Available data.
┌────────
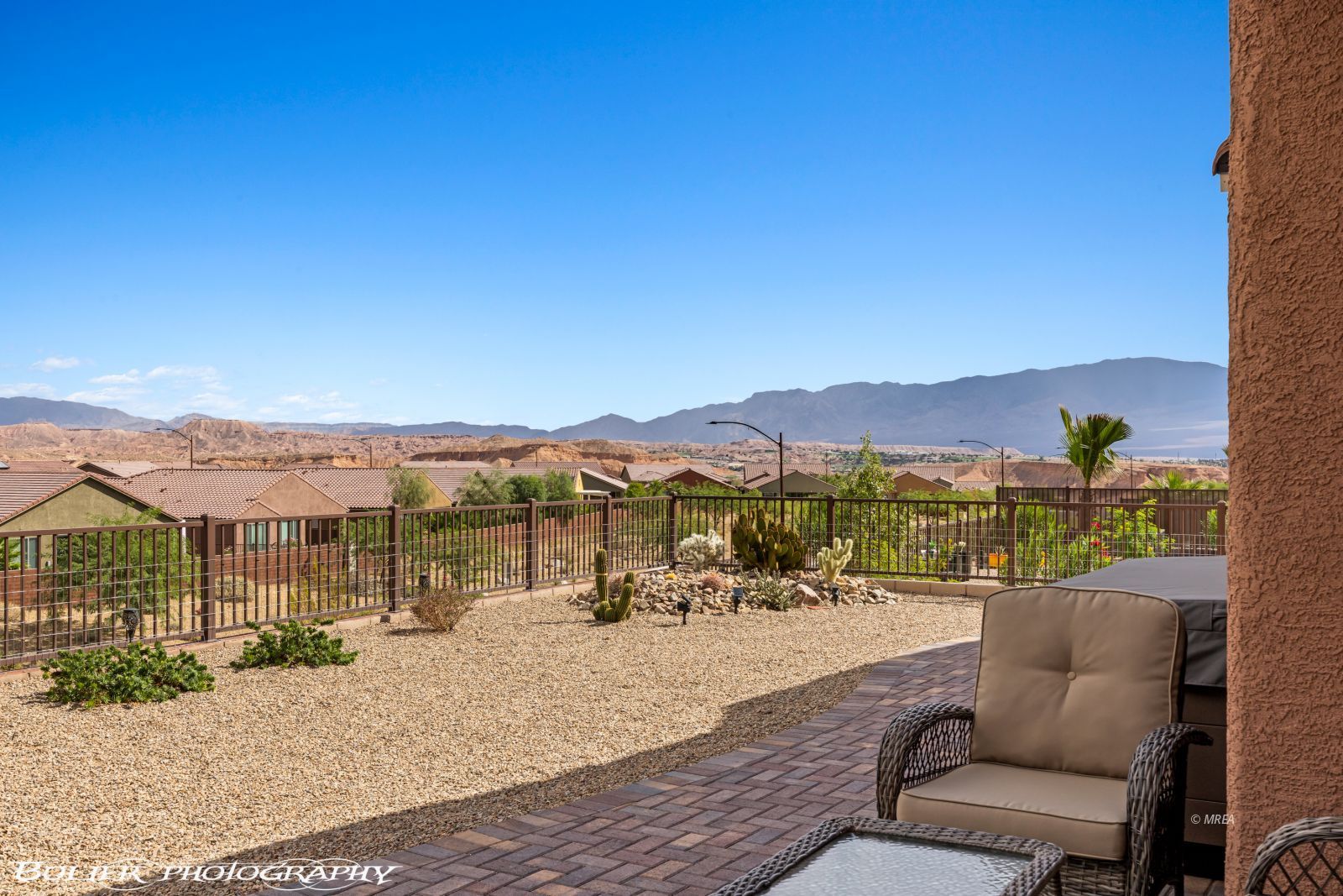Experience living in this magnificent Sun City Mesquite home, perfectly situated on a premium view lot. Enjoy picturesque mountain and mesa views from your back patio or from your serene backyard. This spacious 2-bed, 2-bath home includes a large den for hobbies or relaxation. The gorgeous kitchen is the heart of the home, featuring upgraded cabinetry, sleek quartz countertops, a beautiful backsplash, and a truly incredible custom pantry. The main suite is a private retreat, with a bay window that frames the stunning vistas. The large walk-in closet has been upgraded with custom cabinetry, offering exceptional organization. The main bathroom is a luxurious space with beautiful tile and quartz countertops. The home features 8′ tall doors throughout and a glass wall slider in the living room, seamlessly connecting indoor and outdoor living. The backyard is an outdoor haven with an extended paver patio and a fully fenced yard. The home also features a dedicated laundry room with a sink and cabinets for convenience. This property is a perfect blend of luxury and practical design, with too many custom features to list. Live the life you deserve in this exquisite 55+ community.
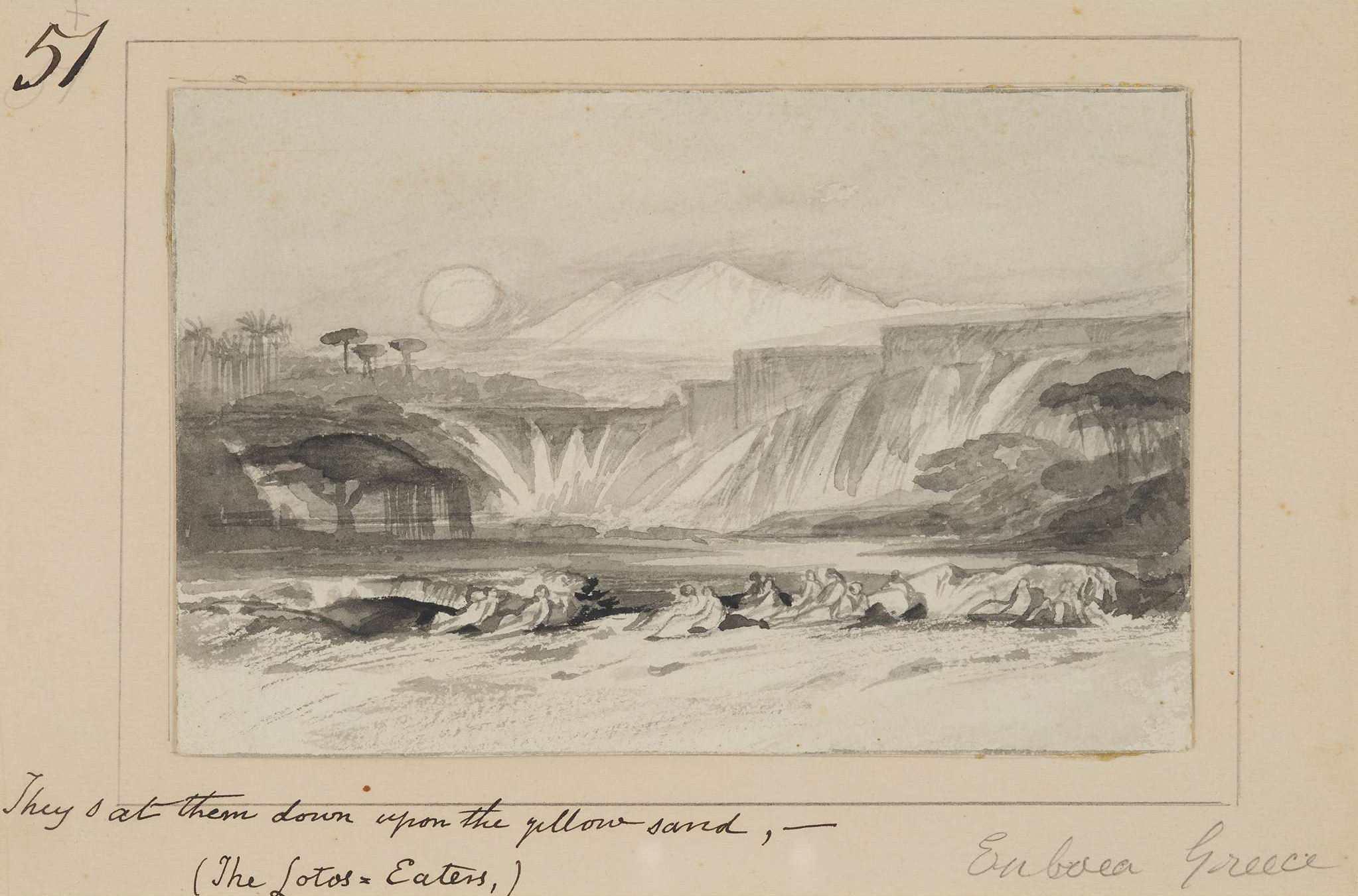 Edward Lear, Lotus Eaters, Euboea, Greece. “They sat them down upon the yellow sand.”
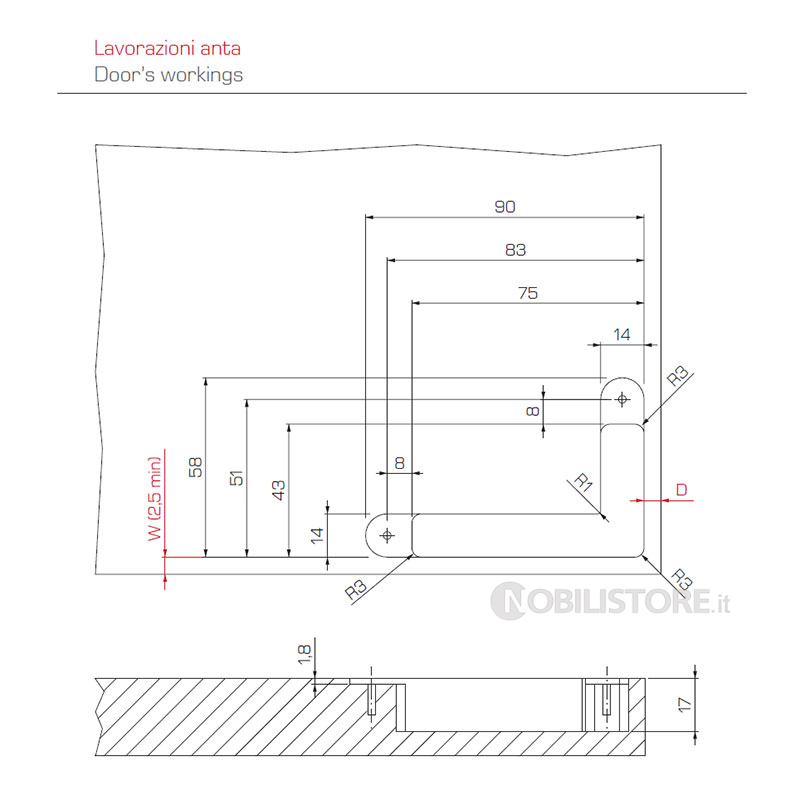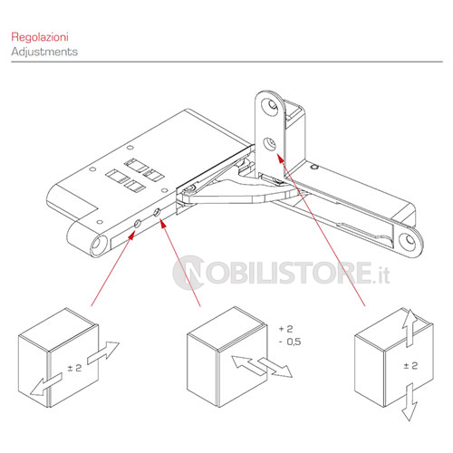 Regolazioni: verticale +/-2; profondità +2/-0,5; orizzontale +/- 2
└────────
Task item. Reproduce the listing exactly, but keep its images out of the copy.

Result of the task.
Experience living in this magnificent Sun City Mesquite home, perfectly situated on a premium view lot. Enjoy picturesque mountain and mesa views from your back patio or from your serene backyard. This spacious 2-bed, 2-bath home includes a large den for hobbies or relaxation. The gorgeous kitchen is the heart of the home, featuring upgraded cabinetry, sleek quartz countertops, a beautiful backsplash, and a truly incredible custom pantry. The main suite is a private retreat, with a bay window that frames the stunning vistas. The large walk-in closet has been upgraded with custom cabinetry, offering exceptional organization. The main bathroom is a luxurious space with beautiful tile and quartz countertops. The home features 8′ tall doors throughout and a glass wall slider in the living room, seamlessly connecting indoor and outdoor living. The backyard is an outdoor haven with an extended paver patio and a fully fenced yard. The home also features a dedicated laundry room with a sink and cabinets for convenience. This property is a perfect blend of luxury and practical design, with too many custom features to list. Live the life you deserve in this exquisite 55+ community.
 Edward Lear, Lotus Eaters, Euboea, Greece. “They sat them down upon the yellow sand.”
 Regolazioni: verticale +/-2; profondità +2/-0,5; orizzontale +/- 2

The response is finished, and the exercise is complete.